After a week, no card.

Ten days, no card.

Four weeks, and still no card.

Finally after five or six weeks (I can’t even remember now), I tried to contact SSA to find out why there was a delay. As happened previously, I couldn’t reach anyone locally, and nobody at the national office would help me. Out of desperation, I contacted Louise Slaughter’s office (our congressional representative). The person at this office, was actually quite helpful and tried to put me directly in touch with a manager at the local SSA office. Within 24 hours of contacting Louise Slaughter’s office, I heard from a manager. It turns out they lost our paperwork. The only paperwork in the file was the SS-5 printout. “When were they going to let us know there was a problem?” “Eventually somebody would have called us” was their response.

So, I took time out of my day to trudge back over to the SSA office and let them copy my original documents again! (This is also a reason why you should never, ever, let anyone with any federal or other agency keep any of your original documents–let them make certified copies!).

A few more weeks go by, and still no card. I tried calling the local SSA office using the manager’s number I got as a result of contacting Louise Slaughter’s office, and now even those calls were not being returned. Out of desperation, I again headed over to the local SSA office to try and get someone to help me. After spending over two hours there, and now on my third or fourth person (including two who rather insensitively and incorrectly told me that my son wasn’t a citizen yet), I finally got someone to help me.

She explained to me that the problem was actually with the Department of Homeland Security. Apparently DHS was not able to confirm that our son was actually the person who lawfully entered the country with the name on his green card. Duh! His name was legally changed when he was adopted. The certified copy of the adoption order has BOTH NAMES and explains that he will be going by the new name.

{Editorial Note: This was just after DHS let the underwear bomber board a plane using his name–which is a name on a terrorist watch list. Therefore, it is probably too much to ask, to have this same agency determine that a 2-year old who legally changed his name is the same person as the 10 month old who entered the country using the name on his green card}.

Anyway, the SSA representative explained how she would send a paper request to DHS and try and get the approval from DHS, so SSA could issue the card. She also gave me the super secret manager’s number that doesn’t go to voice mail if anyone wants it . . . . they have to pick it up!

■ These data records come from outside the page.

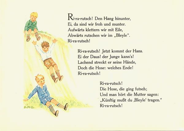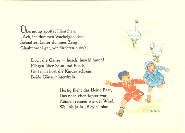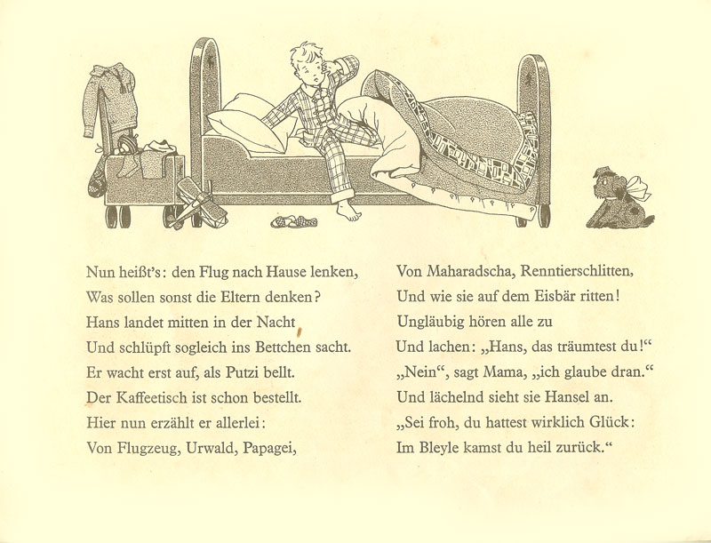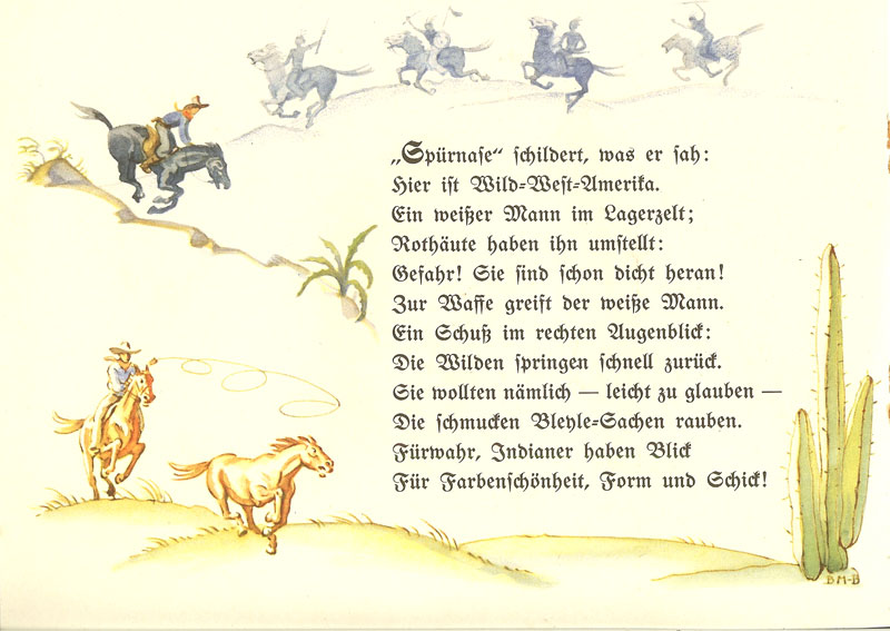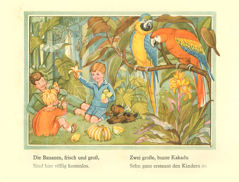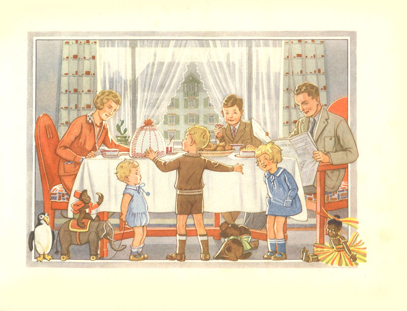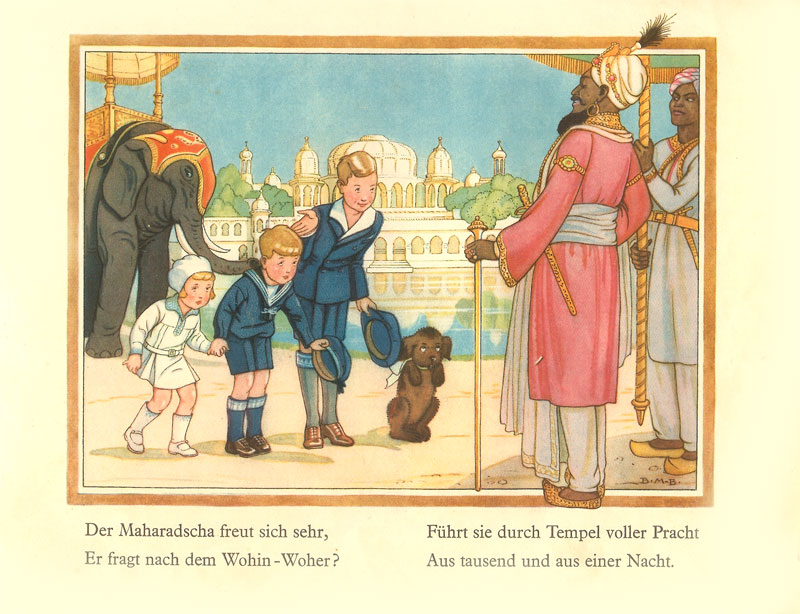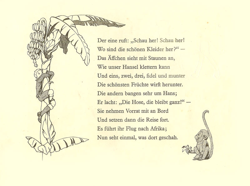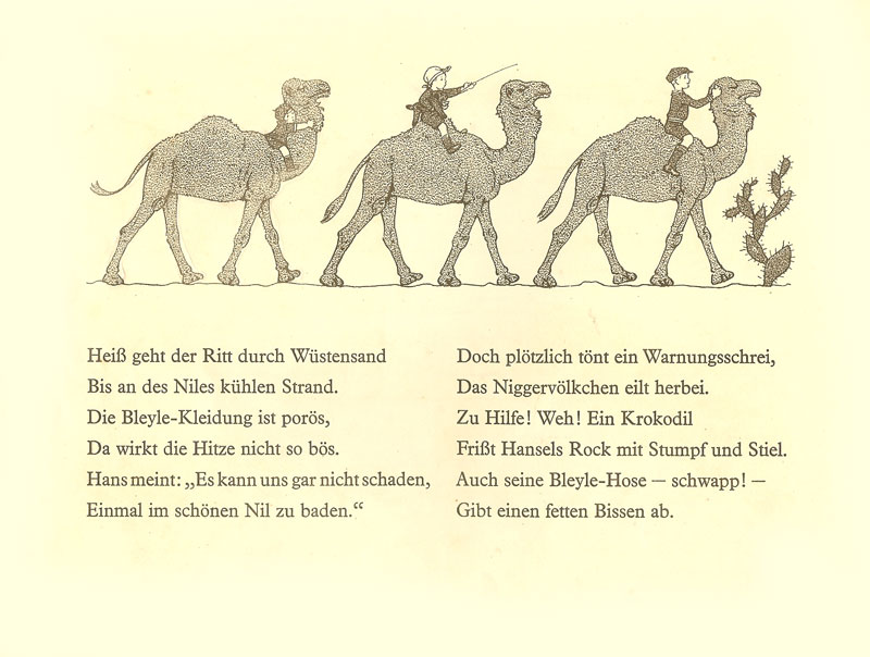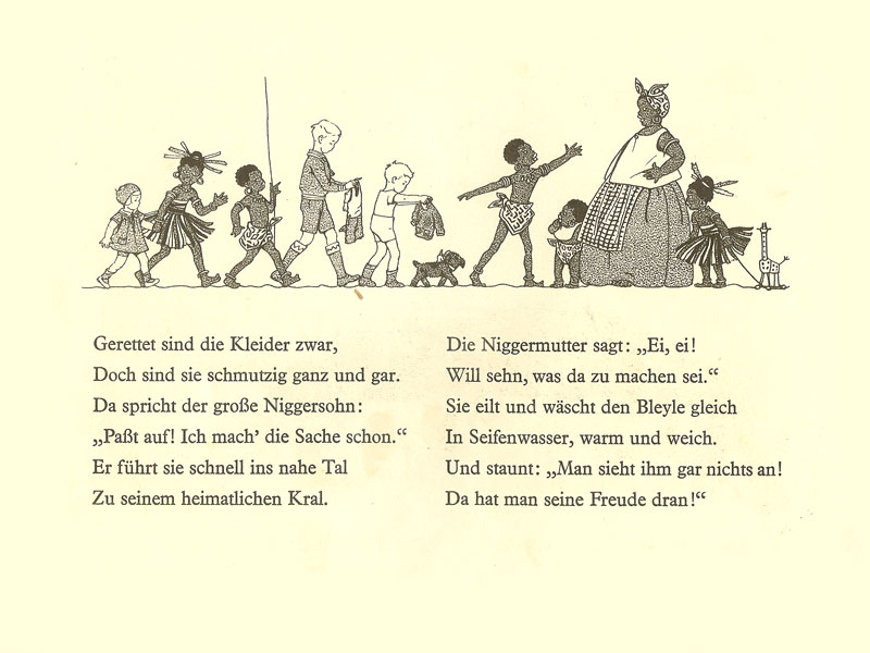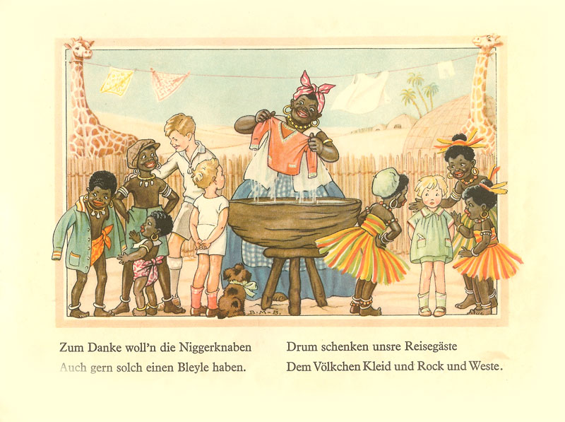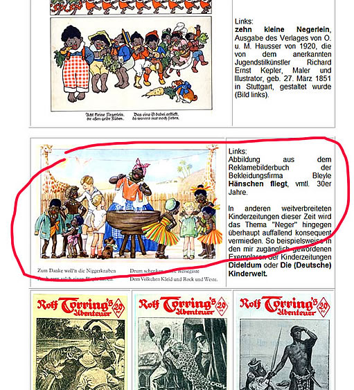 Zoals ook bij veel gedateerd illustratiemateriaal in Nederland het geval is, is ook in Duitsland - uiteraard volkomen terecht - veel kritiek op dit soort tekenwerk. Der Mohr hat seine Schuldigkeit getan... Die Darstellung Schwarzer in der deutschsprachigen Kinder- und Jugendliteratur Afbeelding uit Hänschen fliegt, pag 13 (verdere info volgt) |
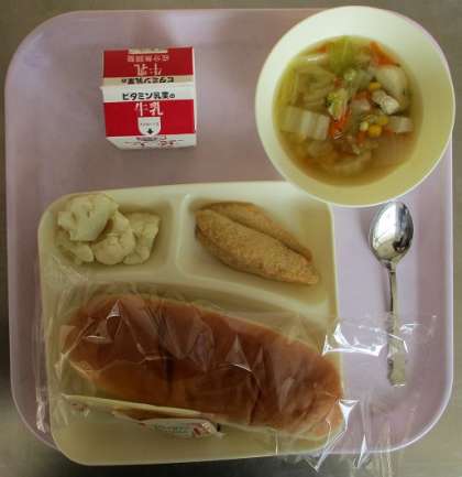 はくさいのスープ、カリフラワーのサラダ、スライスチーズ
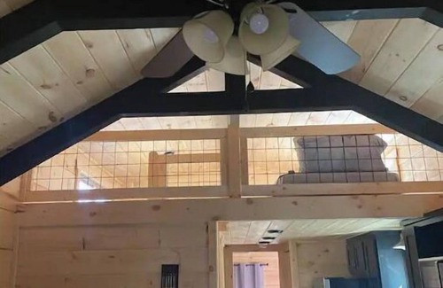 Inside this home, guest will find beautifully appointed living spaces: all walls are white pine; a full kitchen with quartz counter tops and stocked with everything needed to prepare and serve meals; a master bedroom with a king-sized bed, desk, wardrobe and plenty of storage; a cozy loft space with two twin mattresses; a full bath with standup shower and seat; a spacious living room. A queen air mattress is available as well.
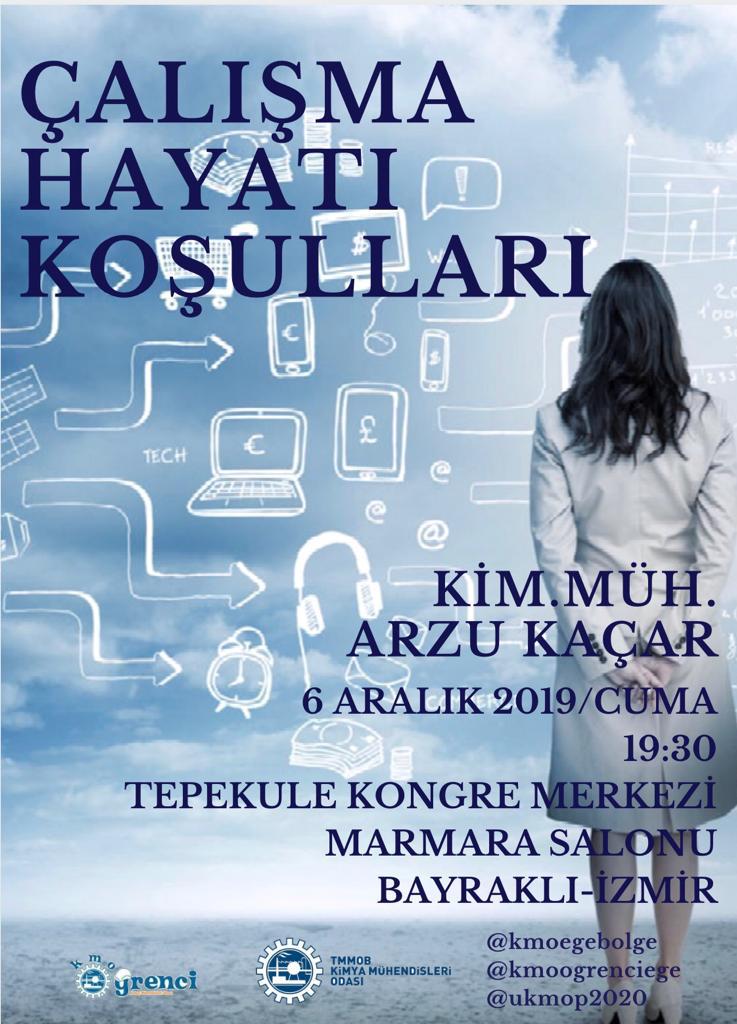 06 Aralık 2019 Cuma günü saat: 19.30 da, Kimya Mühendisi Arzu KAÇAR ‘ın İşsiz, yeni mezun ve öğrenci üyelerimize yönelik sunacağı "Çalışma Hayatı koşulları" konulu Söyleşisi gerçekleşecektir.

At this point, I’m starting to really get pretty ticked (I also got a parking ticket because I was there as the SSA office was closing, so if I left to put more money in the meter, I wouldn’t be able to get back into the SSA office, and all the time I already wasted, would have REALLY been wasted). I next tried to contact DHS to try and figure out what the problem was.

Perhaps not surprisingly, DHS was equally as unhelpful. I decided that the only way to “fix” this problem was to get a certificate of citizenship even though our son should theoretically not ever need this document. In order to get this document, I needed to provide copies of all the same documents I provided to SSA (which SSA in turn sent to DHS already). And, of course, you need to fill out a form, and pay the government another $420 fee (on top of all the other fees I already paid for the other immigration documents).

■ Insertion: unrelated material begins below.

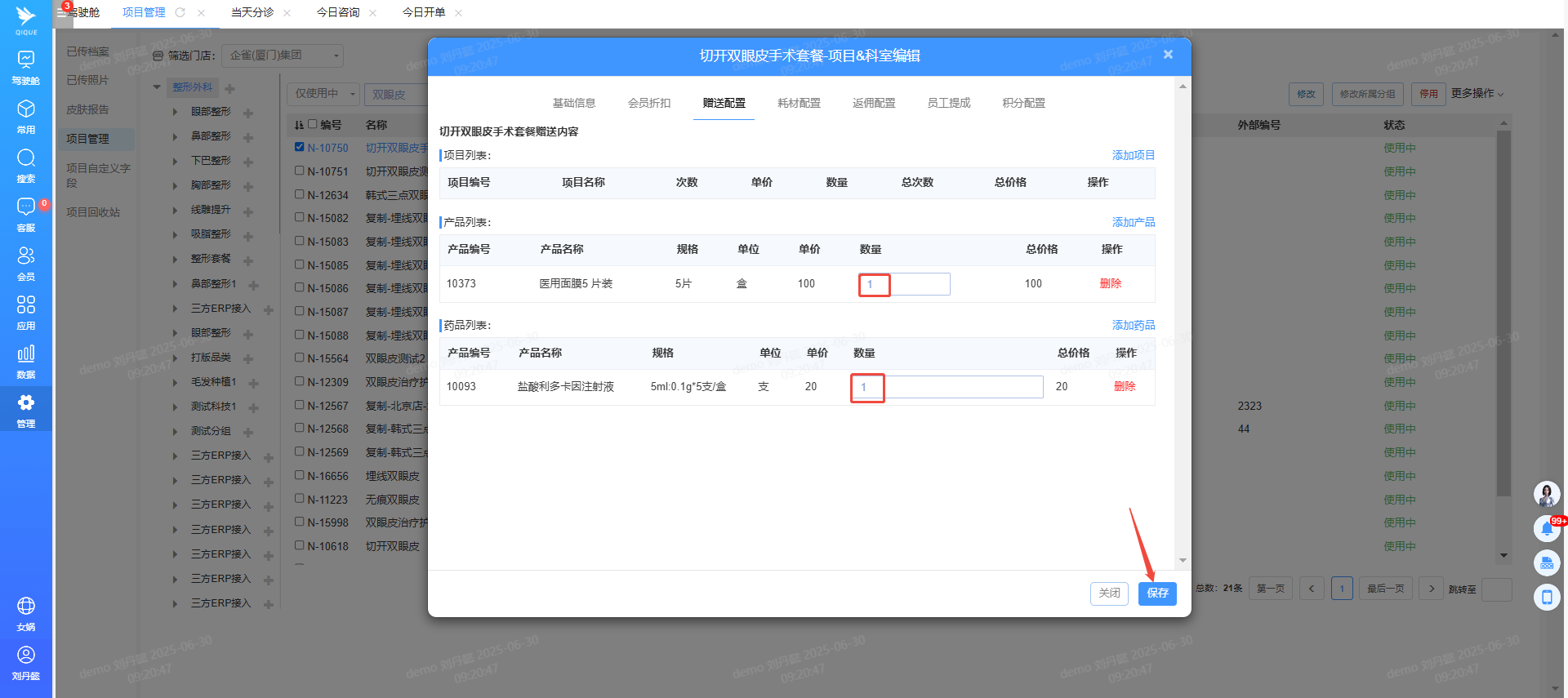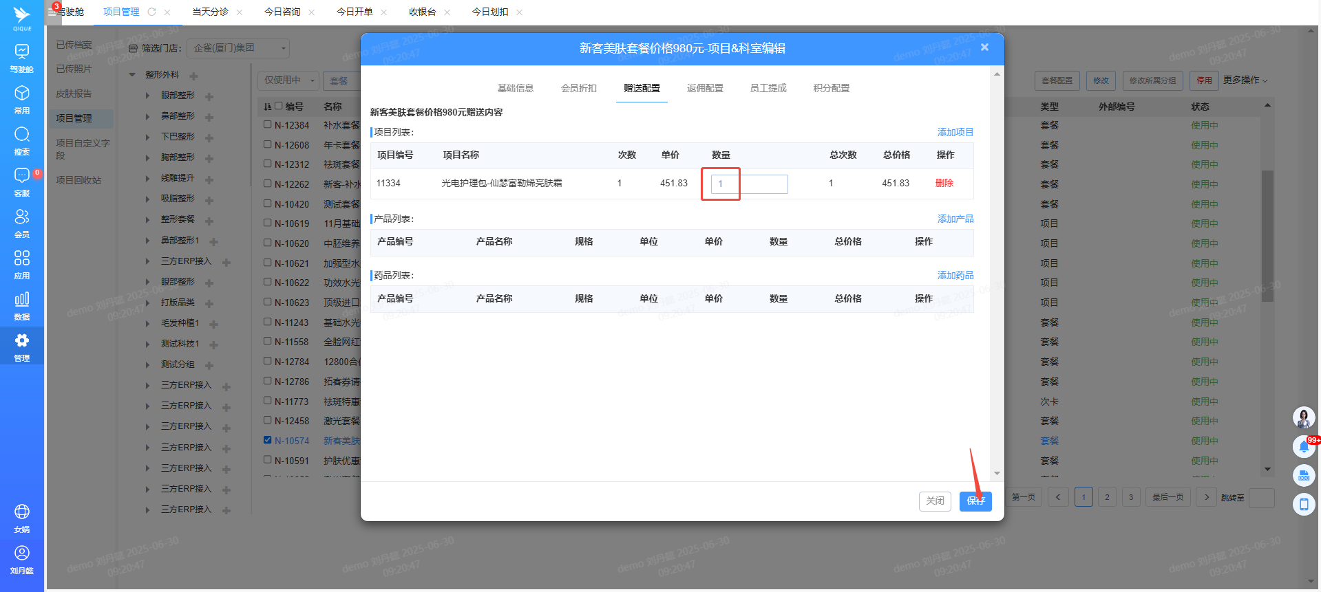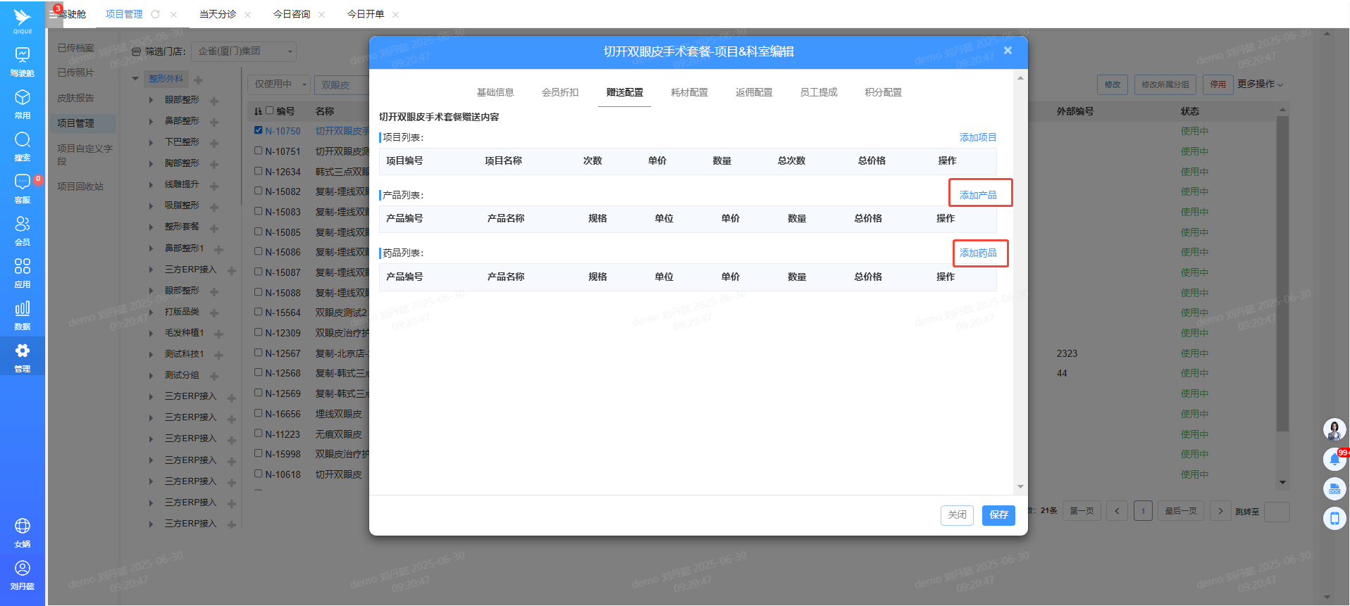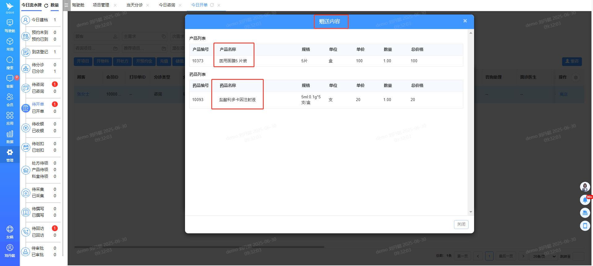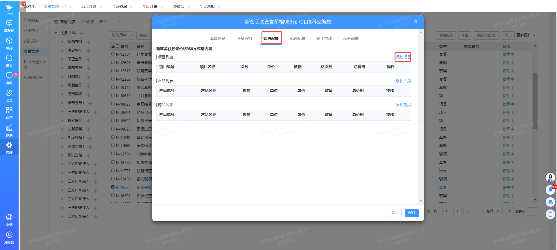 系统支持品类项目配置赠送项目、产品、药品,配置后自动同步开单信息,简化操作流程,帮助机构在获客成本高的行业环境中,以赠品策略为支点,实现“转化率——客单价——复购率”的三维增长,同时通过系统化管理降低人为失误与合规风险。,助力商家通过赠品策略提升客单价与转化率。

In an effort to minimize any other problems, I made an appointment to do this at the Rochester satellite DHS office. I thought I would be able to sit down with a representative and explain my situation, and show them all of my documents. Wrong! When I got there there were two reps sitting behind thick glass windows with small circles to talk through (and you could barely hear them and they could barely hear you–especially if there is an elderly person who only speaks English as a second language talking very loudly to the rep next to you) and a little slot to pass papers back and forth (even though the side was wide open and I could very easily walk around the counter . . . .). And, the counter space was about 4 inches wide and I could barely spread my files out.

Once again, I was told that my son was not yet a citizen and that was probably why DHS could not confirm lawful status to SSA . . . . Idiots!

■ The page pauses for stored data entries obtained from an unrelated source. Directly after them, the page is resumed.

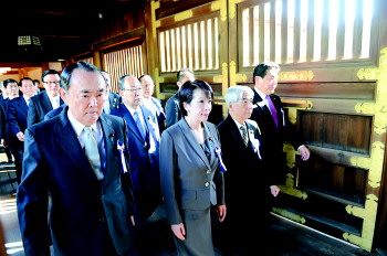 | ◥4月22日,在靖国神社本殿,超党派国会议员联盟“大家一起参拜靖国神社”成员参拜靖国神社。 新华社发 |
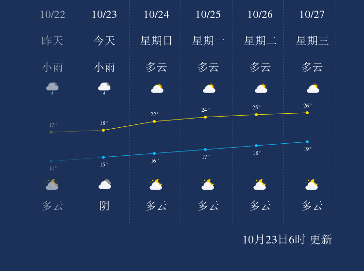 预计,今天白天小雨,最高气温18℃,微风,今天夜间阴,最低气温15℃,微风。
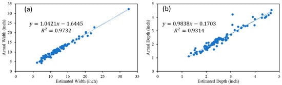 (a) Correlation between actual and predicted width, and (b) correlation between actual and predicted depth.
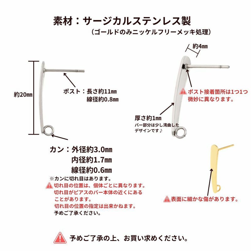 【 ポストのみ 】 バーピアス * 大 20mm * 棒 [ 銀 シルバー ] サージカルステンレス パーツ 金具 金属アレルギー 金アレ P3-05
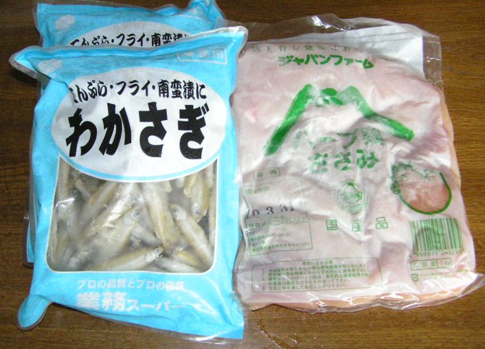日曜日に業務用スーパーで冷凍ワカサギと冷凍ササミを買ってきました。
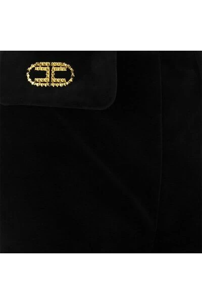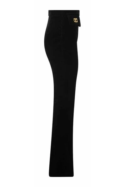Velvet broek met een dicht passend silhouet enigszins uiteenlopen aan de onderkant, gekenmerkt door twee fluwelen flappen lateraal onder de tailleband, verfraaid door de toepassing van goudmetaalaccessoires in de vorm van een ingebed logo.

Anyway, I submitted my forms and continue to wait . . . . for both DHS and SSA. I’ll keep you posted as to what happens.

The moral of the story so far is that if you are the parent of a child adopted from another country, you must get the certificate of citizenship. Even if you don’t think you will need it, there are many, many misinformed bureaucrats out there, and you need to do everything you can to ensure that your child doesn’t have to face the red tape and hassles I’ve faced here (especially when they are older, and you might not be around to help them). I know another family that adopted a child from the same country through the same agency a year earlier. It was smooth sailing for them at the SSA, and they have yet to get a certificate of citizenship. I did everything the same, and we have had nothing but . . . . well nothing has happened and we’re still waiting for an SSA, nearly four months after applying.

I’ll provide an update when and if I have one . . . stay tuned.

After receiving the Certificate of Citizenship, I re-applied for a Social Security Number, and it came right away.  For our second child, I got the Certificate of Citizenship first, and then applied for the Social Security Number, and that process went much smoother.  Don’t let your child be hassled like I was.  Get the Certificate of Citizenship.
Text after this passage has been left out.